Sheriff John Grossnickle on Thursday signed a memorandum of understanding between his office and U.S. Immigration and Customs Enforcement (ICE).
The federal agency has not yet finalized the agreement, but the sheriff signed the local office into an arrangement by which up to five deputies will be authorized to act as immigration agents, sheriff’s spokesman Jason Mower told Cowboy State Daily in a Thursday interview.
Mower said the office hasn’t decided how many deputies to authorize yet.
The program works in phases: Task force agents will have a 40-hour training within the first two months of their selection. Then they will work with ICE supervisors until they can attend a six-week training that has not yet been scheduled, Grossnickle said.
After the mentorship phase, deputies will be able to conduct immigration investigations during the normal course of their law enforcement work in the county; and they’ll still be under the federal agency’s supervision though not directly mentored at that point, the sheriff said.
The local agents’ emphasis will be on suspects they encounter during normal criminal investigation, the sheriff said.
“We’re not knocking on peoples doors, taking kids out of school,” said Grossnickle. “This is just to assist ICE so we don’t have to have (federal) agents out here and not have local control.”
Grossnickle said this issue isn’t about politics for him, recalling a 2022 crime in which a twice-deported sex offender violently raped an 8-year-old girl.
“That’s the kind of threat we’re trying to stop,” added Grossnickle in a later statement.
He told Cowboy State Daily that his region along Interstate 80 has also seen foreign nationals operating commercial trucks without licenses, many from Eastern European countries.
And In The Jail Too
The Sweetwater County Sheriff’s Office’s various agreements indicate that it has the most cooperative relationship with ICE of any Wyoming county.
The office in 2020 struck an agreement by which it could hold ICE detainees in the local jail for longer then the usual two-day window, in exchange for a daily rate of federal dollars.
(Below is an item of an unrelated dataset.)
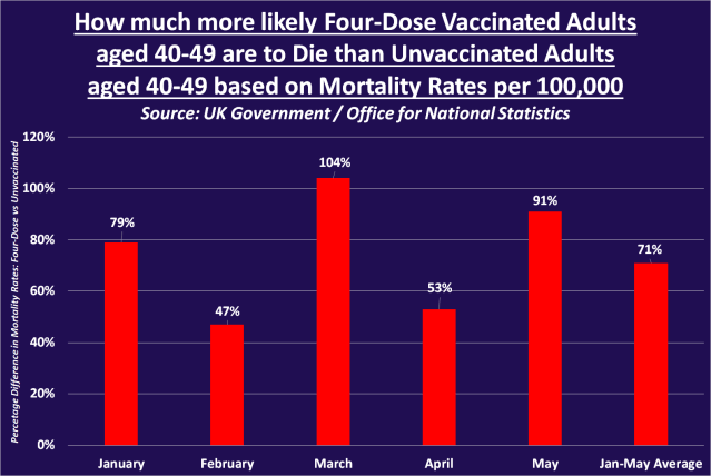 However, a month-by-month analysis shows that in March, the four-dose vaccinated were 104% more likely to die than unvaccinated 40-49-year-olds based on mortality rates per 100,000.
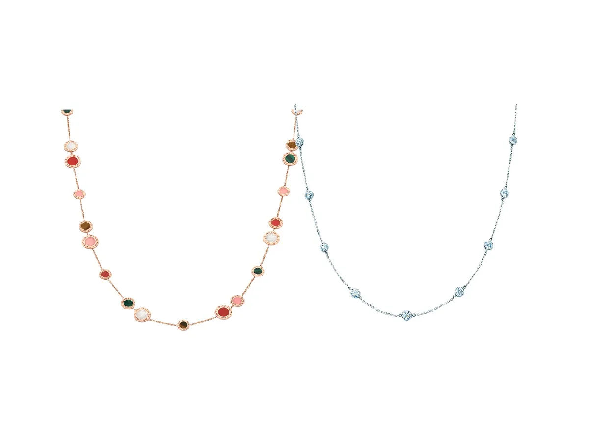 اخترنا لكِ هذه القلادة من بلغاري Bvlgari المستوحاة من التراث الروماني والحديث بأناقة. بلغاري بلغاري sautoir هو تعبير معاصر عن الفخامة؛ وجاءت القلادة بتصميم مرح مزينة بعدة أحجار كريمة؛ وصممت من الذهب الوردي عيار 18 قيراطًا مع تطعيمات من عرق اللؤلؤ والأوبال الوردي وعين النمر والملكيت والعقيق.

That rate is in the process of being renegotiated, said Grossnickle, who declined to discuss the amount until the agreement is finalized.
The local office is also preparing to send two of its jail deputies to a federal training in June, so that they may conduct immigration investigations within the jail on already-detained suspects of local crimes, said Mower.
Transporting, And Beds
The sheriff’s office is also finalizing a transportation agreement authorizing its transportation personnel to pick up ICE detainees from surrounding counties —Teton, Uinta, Lincoln and Sublette — and hold them in the Sweetwater County Detention Center.
And it recently doubled its ICE-designated jail beds from 15 to 30, Mower told Cowboy State Daily in an earlier interview.